# ISOM Backlash



## stevieray (Sep 28, 2006)

My wife thinks that I have totally lost it. After smoking my first ISOM the other day I was discussing the need to procure some more "darkside" cigars. She hits me with the " dont you have enough cigars in the 2 humidors on your desk and the cooler in your closet" response. I have to admit its not the easiest thing to explain to somebody that doesn't appreciate cigars. Anyway, after a 20 minute discussion about my over abundance of cigars, I sit here typing this post feeling guilty about my cigar collection and trying to figure out how my talk of cigars led to my wife talking me into remodeling another part of our house.
Oh well, I guess it's time to call the contractor.......


----------



## OilMan (May 12, 2006)

wow, thats kinda rough. But I do understand. My wife thinks I'm crazy also


----------



## The Professor (Jul 20, 2006)

Sweet.... You get to buy more ISOMs!  Welcome to the Dark Side.

~d.


----------



## opus (Jun 21, 2005)

Explain to her that you *need* Cuban cigars to give to the generous brothers that gift you cigars. Of course you must do quality assurance checks (read smoking them) on a regular basis to make sure you are not sending crap. Also they are cheaper than high end NCs, it's just that you have to buy them by the 50 cab to reap the savings. Think how much money you will be saving for future remodeling projects, always putting your wife's concerns before your own.  Hope that helps a little. I don't think my wife would buy it though, she has heard plenty of my sh*t before.


----------



## ATLHARP (May 3, 2005)

stevieray said:


> My wife thinks that I have totally lost it. After smoking my first ISOM the other day I was discussing the need to procure some more "darkside" cigars. She hits me with the " dont you have enough cigars in the 2 humidors on your desk and the cooler in your closet" response.
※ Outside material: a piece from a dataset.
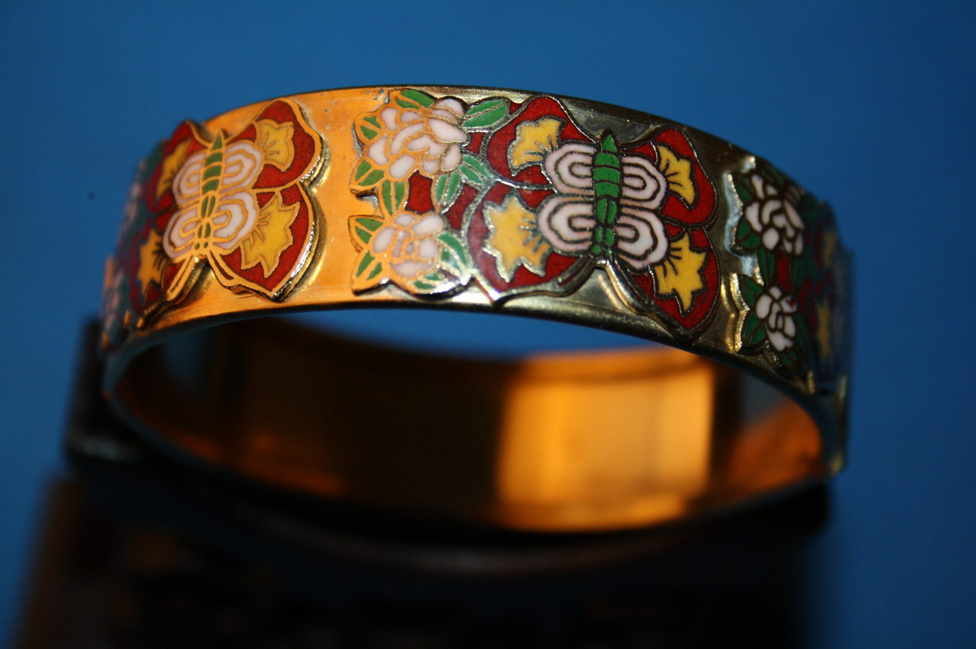 80s Foreign Trade Export Old View Thai Blue Wide Side Floral Butterfly Fashion Bracelet Old Jingtai Blue Floral Bracelet

I have to admit its not the easiest thing to explain to somebody that doesn't appreciate cigars. Anyway, after a 20 minute discussion about my over abundance of cigars, I sit here typing this post feeling guilty about my cigar collection and trying to figure out how my talk of cigars led to my wife talking me into remodeling another part of our house.
> Oh well, I guess it's time to call the contractor.......


Tell her " I don't count how many shoes you have."

Look it's your $$$, do with it what you want. You work to provide yourself a living so that you can enjoy your life. There should be no guilt there. The only guilt should be from the ones who seek to deny that.:2

ATL


----------



## muziq (Mar 14, 2005)

ATLHARP said:


> Tell her " I don't count how many shoes you have."
> 
> Look it's your $$$, do with it what you want. You work to provide yourself a living so that you can enjoy your life. There should be no guilt there. The only guilt should be from the ones who seek to deny that.:2
> 
> ATL


I got your back here--ATLHARP is right on the money. It's alright for both husband and wife to have personal indulgences, and so long as they don't cause problems (e.g. exorbitant cc bills, neglected work/life duties, etc), everyone should feel alright about them. There is another route, which you took, which also works for many couples--quid pro quo. You get ISOMs, she gets an add-on to the house. It's slightly more adversarial than happily accepting one another's indulgences, but sometimes that's the only way it's gonna work out between two people who are committed to a marriage.


----------



## opus (Jun 21, 2005)

You guys aren't married , are you.


----------



## shaggy (Dec 28, 2006)

your wife is right....u should send them all to me....lol


----------



## stevieray (Sep 28, 2006)

opusxox said:


> You guys aren't married , are you.


lol right....


----------



## Blaylock-cl (Apr 28, 2006)

When I first read this, I thought ...maybe you should ask the contractor about suggestions for building a "cigar lounge"... but I see, in your latest post, you've already started that project ..and it looks good.



stevieray said:


> ...trying to figure out how my talk of cigars led to my wife talking me into remodeling another part of our house.
> Oh well, I guess it's time to call the contractor.......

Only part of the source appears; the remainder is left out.